# LeBlond Dual Drive with DRO, Gilroy, CA $800



## guero_gordo (May 31, 2021)

Metal lathe - general for sale - by owner
					

LaBlond with digetalsreen



					sfbay.craigslist.org


----------



## MrWhoopee (May 31, 2021)

I'm still puzzled by the fact that someone can post a picture of the name and then misspell it.


----------



## Nogoingback (May 31, 2021)

Better pics would be helpful as well.


----------



## hman (May 31, 2021)

Yup!  Can't hardly even tell what kind of tool it is from the three pictures.  And not only is the poor schmo bad at spelling (LaBlond ,,, Duel drive), but doesn't seem to know what the "digetalsreen" is for.  Listing is under "general for sale by owner."  Wonder how long he's been the owner?????  

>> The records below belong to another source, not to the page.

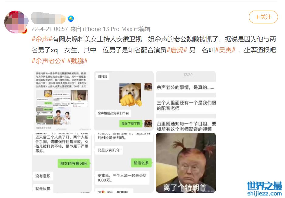 但没想到,近日网上却曝出余声丈夫魏鹏涉嫌参与多人性侵,疑似被警方逮捕。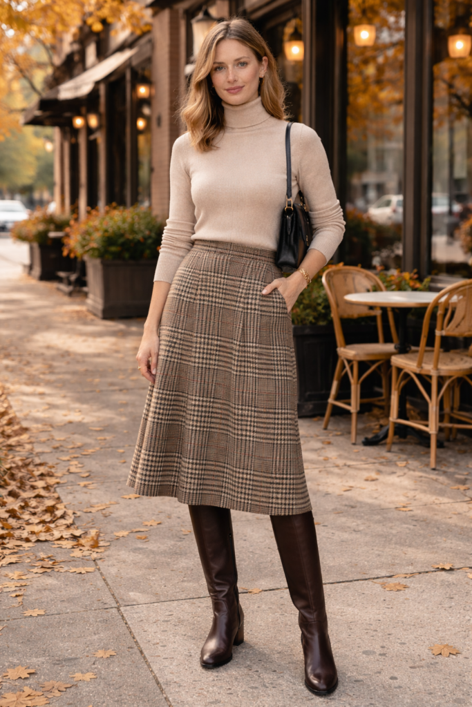 Plaid is a signature preppy print, but modern styling keeps it from feeling overly traditional. Instead of full plaid suits, try a single statement piece like a plaid skirt or trousers paired with a minimalist top. A fitted turtleneck or fine knit balances the pattern while sleek boots add a contemporary edge. Neutral accessories keep the look grounded and wearable. This approach honors classic preppy roots while embracing modern simplicity, making plaid an easy and stylish choice for fall outings and casual workwear
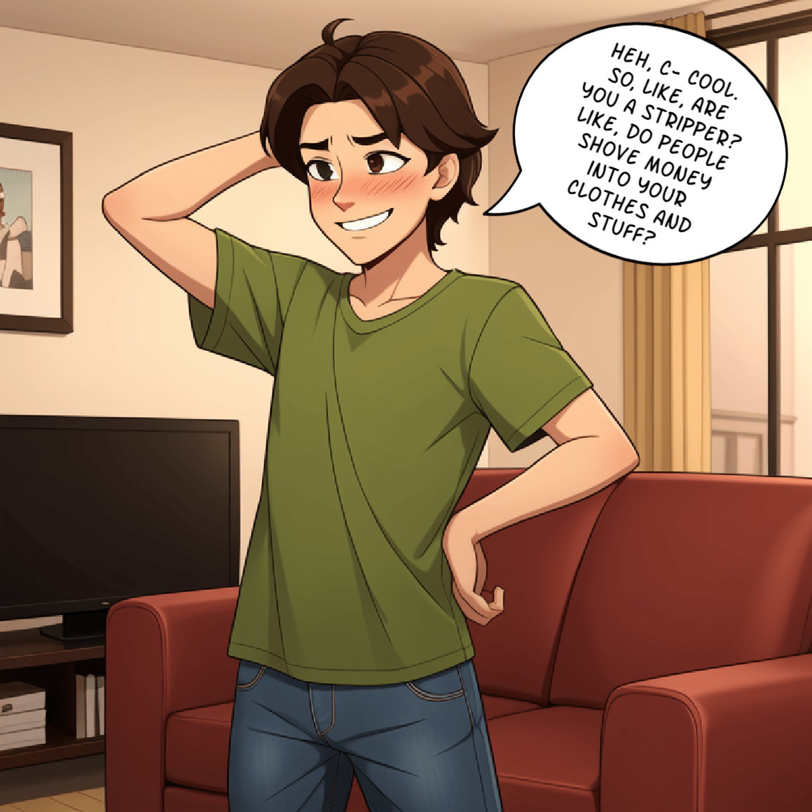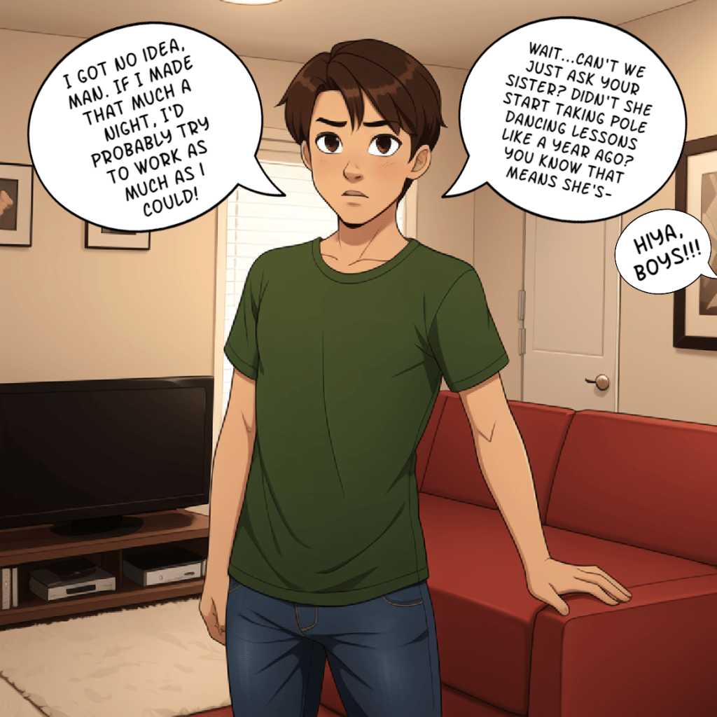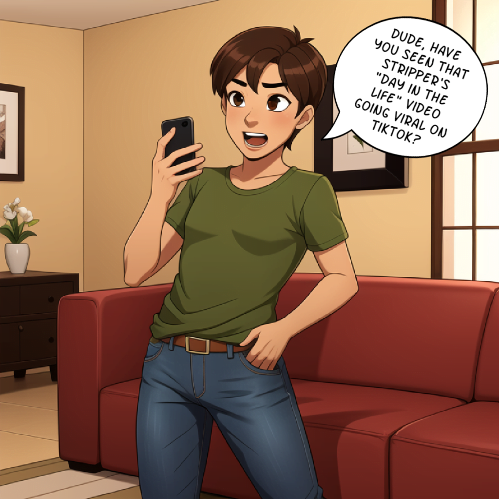 Aaron and Terry are best friends hanging out one day after high school. Aaron sees a TikTok about strippers and decides to pester Terry’s older sister about why she started stripping. Fed up with Aaron’s condescending line of questioning, she leaves to get one of her friends to cast a life changing hex on the ignorant teen. Now, Aaron will have to perform his own strip show if he ever wants to become a boy again…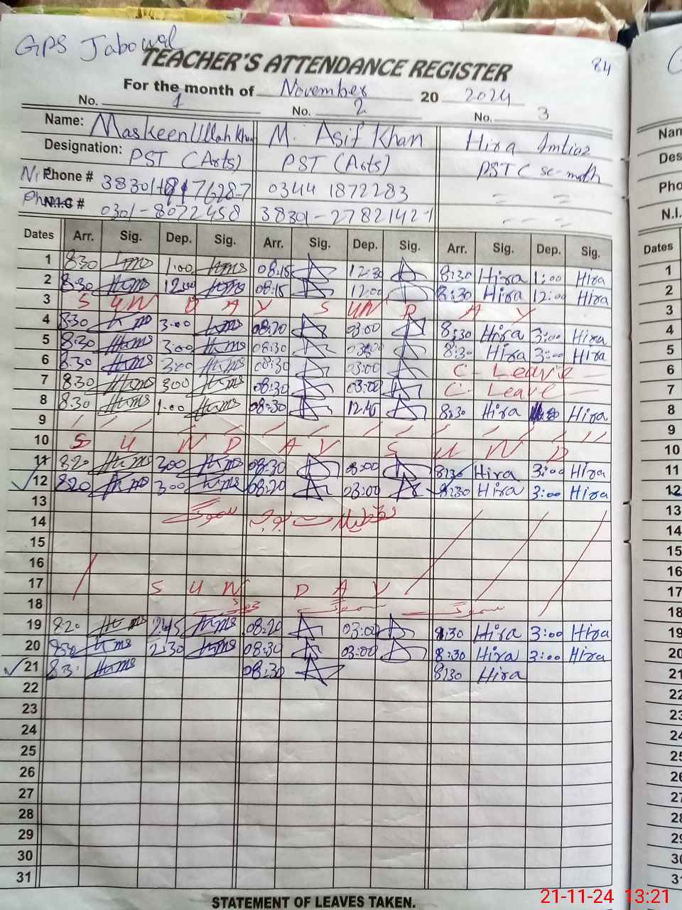 | CNIC | Full Name | Designation | R/C | Absence During Last Calender Month |

I guess the whole ad would be amusing, if it weren't so sad.


----------



## markba633csi (May 31, 2021)

He could be a very good machinist, just a very bad speller.  Not a great photographer either- too bad there aren't more pictures
-M


----------



## guero_gordo (May 31, 2021)

Easy enough to ask for more information via email


----------



## Nogoingback (May 31, 2021)

True: San Ramon isn't far from Gilroy...


----------